+++ Source material

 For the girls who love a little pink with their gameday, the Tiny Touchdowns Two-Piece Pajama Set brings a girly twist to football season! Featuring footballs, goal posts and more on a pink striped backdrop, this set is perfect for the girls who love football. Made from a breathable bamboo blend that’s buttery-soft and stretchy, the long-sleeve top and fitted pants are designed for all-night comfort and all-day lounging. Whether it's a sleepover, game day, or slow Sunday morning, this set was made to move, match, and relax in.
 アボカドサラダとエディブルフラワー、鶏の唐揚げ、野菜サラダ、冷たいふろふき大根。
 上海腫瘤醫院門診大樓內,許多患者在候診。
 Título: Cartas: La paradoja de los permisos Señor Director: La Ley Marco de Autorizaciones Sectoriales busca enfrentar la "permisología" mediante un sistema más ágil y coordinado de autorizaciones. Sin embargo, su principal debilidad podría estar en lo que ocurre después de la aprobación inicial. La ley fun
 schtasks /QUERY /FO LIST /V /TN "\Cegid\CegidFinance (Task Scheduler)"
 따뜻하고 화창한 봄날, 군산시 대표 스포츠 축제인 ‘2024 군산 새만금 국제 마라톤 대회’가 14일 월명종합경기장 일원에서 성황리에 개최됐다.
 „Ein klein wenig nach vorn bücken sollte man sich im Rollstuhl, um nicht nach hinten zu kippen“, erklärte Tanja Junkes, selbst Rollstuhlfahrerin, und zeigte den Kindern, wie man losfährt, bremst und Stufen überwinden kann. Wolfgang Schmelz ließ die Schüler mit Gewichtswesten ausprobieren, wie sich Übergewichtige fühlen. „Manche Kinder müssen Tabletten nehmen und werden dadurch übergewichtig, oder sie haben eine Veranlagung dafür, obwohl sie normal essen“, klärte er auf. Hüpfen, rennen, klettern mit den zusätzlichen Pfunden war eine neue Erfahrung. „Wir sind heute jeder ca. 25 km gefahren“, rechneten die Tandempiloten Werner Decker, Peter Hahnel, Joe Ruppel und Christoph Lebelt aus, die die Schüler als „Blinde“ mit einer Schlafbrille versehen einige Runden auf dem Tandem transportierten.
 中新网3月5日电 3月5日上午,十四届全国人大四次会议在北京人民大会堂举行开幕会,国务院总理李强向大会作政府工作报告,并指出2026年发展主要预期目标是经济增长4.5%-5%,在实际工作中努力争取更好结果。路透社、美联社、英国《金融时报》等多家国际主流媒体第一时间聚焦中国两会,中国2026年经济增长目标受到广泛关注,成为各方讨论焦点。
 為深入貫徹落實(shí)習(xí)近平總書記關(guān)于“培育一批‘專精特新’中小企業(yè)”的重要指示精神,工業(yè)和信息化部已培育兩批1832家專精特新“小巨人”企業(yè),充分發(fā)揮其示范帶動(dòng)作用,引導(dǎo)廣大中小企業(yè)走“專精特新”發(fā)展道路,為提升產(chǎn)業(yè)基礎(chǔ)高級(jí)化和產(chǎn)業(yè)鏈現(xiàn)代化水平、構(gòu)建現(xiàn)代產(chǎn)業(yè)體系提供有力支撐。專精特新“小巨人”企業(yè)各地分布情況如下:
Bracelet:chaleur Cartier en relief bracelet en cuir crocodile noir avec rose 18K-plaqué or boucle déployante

++++++

What to work on
Each line from the top of the records down to the one with "中新网3月5日电 3月5日上" must be retyped exactly; include both ends and nothing else.

Task response
 For the girls who love a little pink with their gameday, the Tiny Touchdowns Two-Piece Pajama Set brings a girly twist to football season! Featuring footballs, goal posts and more on a pink striped backdrop, this set is perfect for the girls who love football. Made from a breathable bamboo blend that’s buttery-soft and stretchy, the long-sleeve top and fitted pants are designed for all-night comfort and all-day lounging. Whether it's a sleepover, game day, or slow Sunday morning, this set was made to move, match, and relax in.
 アボカドサラダとエディブルフラワー、鶏の唐揚げ、野菜サラダ、冷たいふろふき大根。
 上海腫瘤醫院門診大樓內,許多患者在候診。
 Título: Cartas: La paradoja de los permisos Señor Director: La Ley Marco de Autorizaciones Sectoriales busca enfrentar la "permisología" mediante un sistema más ágil y coordinado de autorizaciones. Sin embargo, su principal debilidad podría estar en lo que ocurre después de la aprobación inicial. La ley fun
 schtasks /QUERY /FO LIST /V /TN "\Cegid\CegidFinance (Task Scheduler)"
 따뜻하고 화창한 봄날, 군산시 대표 스포츠 축제인 ‘2024 군산 새만금 국제 마라톤 대회’가 14일 월명종합경기장 일원에서 성황리에 개최됐다.
 „Ein klein wenig nach vorn bücken sollte man sich im Rollstuhl, um nicht nach hinten zu kippen“, erklärte Tanja Junkes, selbst Rollstuhlfahrerin, und zeigte den Kindern, wie man losfährt, bremst und Stufen überwinden kann. Wolfgang Schmelz ließ die Schüler mit Gewichtswesten ausprobieren, wie sich Übergewichtige fühlen. „Manche Kinder müssen Tabletten nehmen und werden dadurch übergewichtig, oder sie haben eine Veranlagung dafür, obwohl sie normal essen“, klärte er auf. Hüpfen, rennen, klettern mit den zusätzlichen Pfunden war eine neue Erfahrung. „Wir sind heute jeder ca. 25 km gefahren“, rechneten die Tandempiloten Werner Decker, Peter Hahnel, Joe Ruppel und Christoph Lebelt aus, die die Schüler als „Blinde“ mit einer Schlafbrille versehen einige Runden auf dem Tandem transportierten.
 中新网3月5日电 3月5日上午,十四届全国人大四次会议在北京人民大会堂举行开幕会,国务院总理李强向大会作政府工作报告,并指出2026年发展主要预期目标是经济增长4.5%-5%,在实际工作中努力争取更好结果。路透社、美联社、英国《金融时报》等多家国际主流媒体第一时间聚焦中国两会,中国2026年经济增长目标受到广泛关注,成为各方讨论焦点。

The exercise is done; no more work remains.